Bookends: Waiting Rules for Caryatids

Spinal Discipline is the name of Irena Haiduk’s performance at documenta 14 in which thirteen members of the “Army of Beautiful Women” walk while balancing the surrogate Proust book Seductive Exacting Realism on their heads.

This use of a book as a tool for correct posture and grace is accompanied by other seemingly superficial features of the clothes and shoes they are wearing. Yet both the dresses and shoes are also part of the performance as they are products of Haiduk’s ‘oral corporation’ Yugoexport. In fact, the shoes have their own section in the exhibition checklist, which runs as follows:

Nine-Hour Delay (2012–58)
One thousand pairs of Borosana shoes worn by the female workforce of documenta 14
Shoe sizes 35–42
Produced for Yugoexport

The title seems to reference the sense of waiting associated with the hours of the working day (the ‘delay’ that working hours brings to our lives) and this idea is referenced in the conditions for purchase by visitors to documenta 14, wherein they have to agree to use these shoes only for work. This connection between working and waiting – the work of waiting – is given a broader political emphasis in the excerpts from the notebooks of the Yugoslav novelist Ivo Andrić included in Seductive Exacting Realism, translated by Haiduk and called Waiting Rules. Here is a brief sample:

The forces propelling life here are not hard work and initiative, but waiting and patience, since it is patience that nourishes and maintains waiting.

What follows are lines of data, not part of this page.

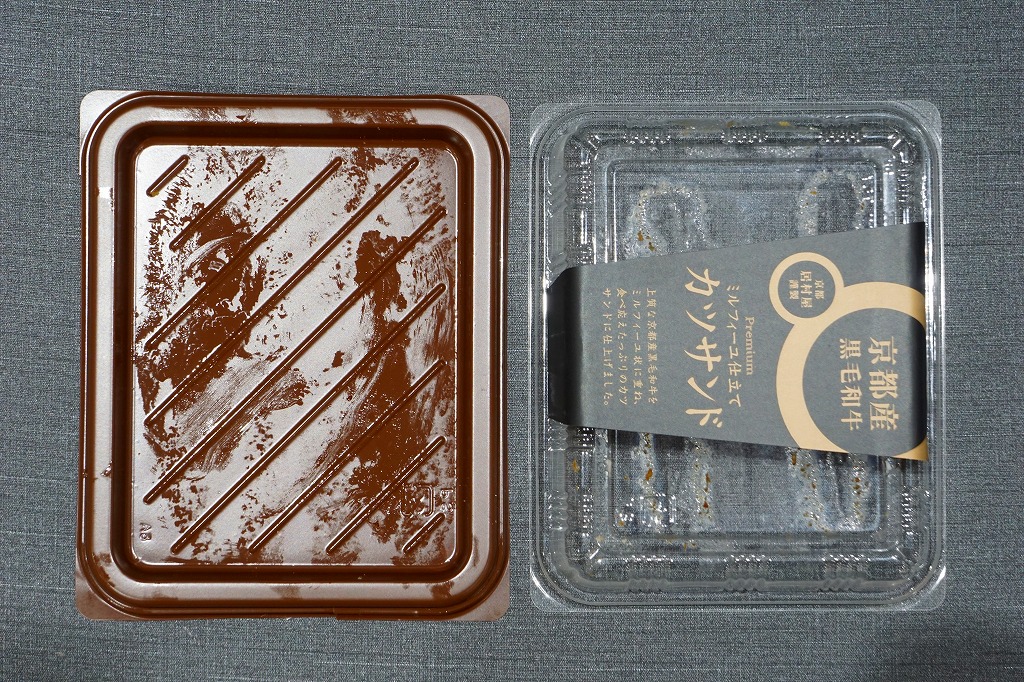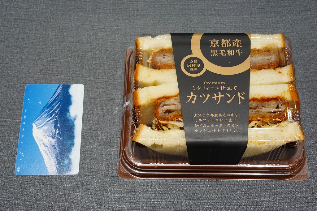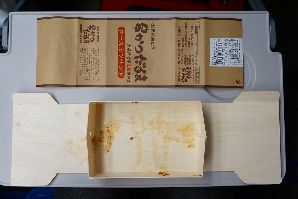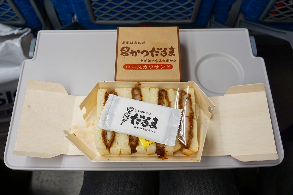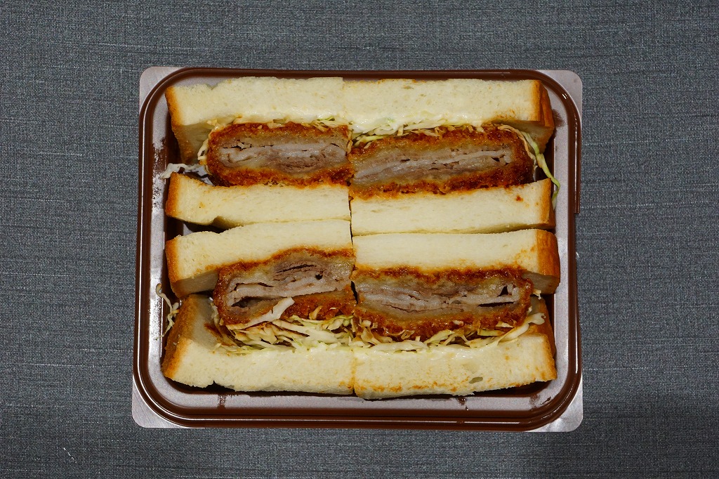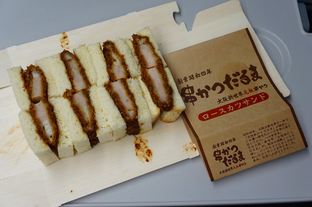 駅弁売店で売られていたカツサンド。商品そのものは大阪の駅弁ではなく、おそらく関西地方で手広く売られる惣菜であると思われる。デパ地下や空弁でよく見掛ける、中身を美しく見せる上げ底で透明なふたが盛り上がるプラ製容器に、牛肉の薄切りを重ねて揚げたソース漬けの牛カツを、キャベツの千切りとともに耳付きパンで挟むカツサンドが2切れ収まる。2切れのサンドイッチに、価格は四桁円。見た目に価格ほどの豪華さはないものの、正直にうまい爽やかな味。2017年までの販売か。
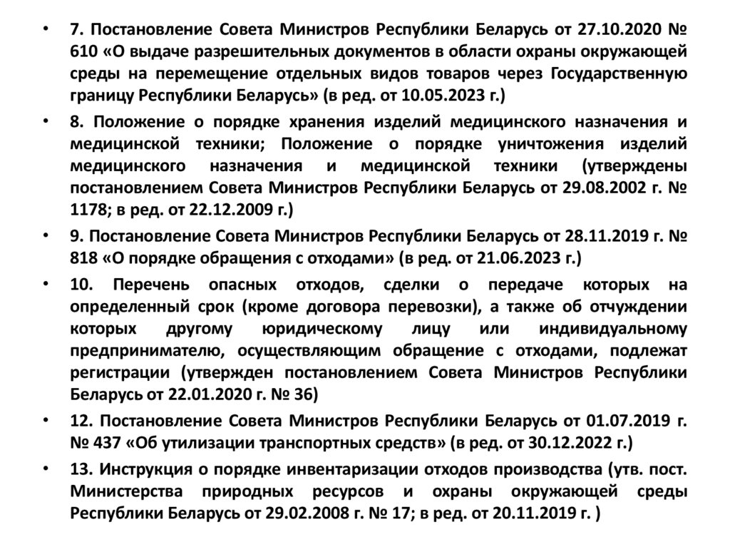 6. Перечень НПА и ТНПА в области обращения с отходами на 01.09.2023 г.
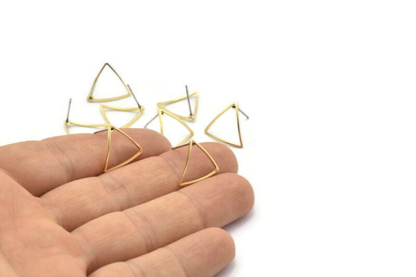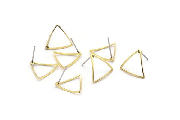 Brass Triangle Earring, 12 Raw Brass Open Cambered Triangle Stud Earrings (17x0.5x0.9mm) A2361

When you silently accept life under your enemy’s terms, you live as your enemy wishes. In essence, you do not live; your whole life, and all your expectations, transform into patient and never-ending waiting.

They never noticed their lives shifting to the dead end of waiting.

Deformed by their lives of monstrous waiting, they no longer exist as themselves.

While these waiting rules are enacted in Haiduk’s performance in the act of waiting by the audience and they are also part of the nature of the static role of the book on the shelf, in the library, as reflected in the set of volumes of Proust’s work on display in the Neue Neue Galarie,Haiduk also transposes them onto another story of oppression and waiting: the theft of the Caryatid from the Erechtheion in Athens.

In a photographic work called Thomas Love Working, Siren Call, Haiduk superimposes a black and white image of one of the participants in Spinal Discipline (and one of the ‘Sirens’ from the Renaissance Society exhibition) onto the ancient temple, as if her act of balancing the book on her head turns her into a human Caryatid.

When encountered within the contexts of Andrić’s waiting rules, this projection onto the temple joins other ways in which the bringing of the Caryatids back to life in narratives is used to critique the kidnapping of their sister by Lord Elgin and how the remaining five sisters wait for her return in Athens. In her book The Classical Debt, Johanna Hanink quotes from a children’s book on sale in the new Acropolis museum called Adventures of the Acropolis’ Marbled Girls. Hanink emphasizes one scene in which the five remaining Caryatids in Athens hear word from their stolen sister in the British Museum in London: 

“She feels loneliness…She thinks of you day and night. She is trapped, however, like a partridge in the trap, She wants to be near you again. She does not want to get old in a terrible wet place. I have also seen the spots she has from parasites, since she lives without sun and light in this foreign country. She is crying each time she remembers you.”

In this fictional narrative, the waiting is shared between the six sisters, split between London and Athens. Furthermore, the waiting that is projected onto these statues – giving them voice and life – mirrors the way that living people under oppressive regimes are, in turn, transformed into objects (“you do not live”), through their “lives of monstrous waiting”.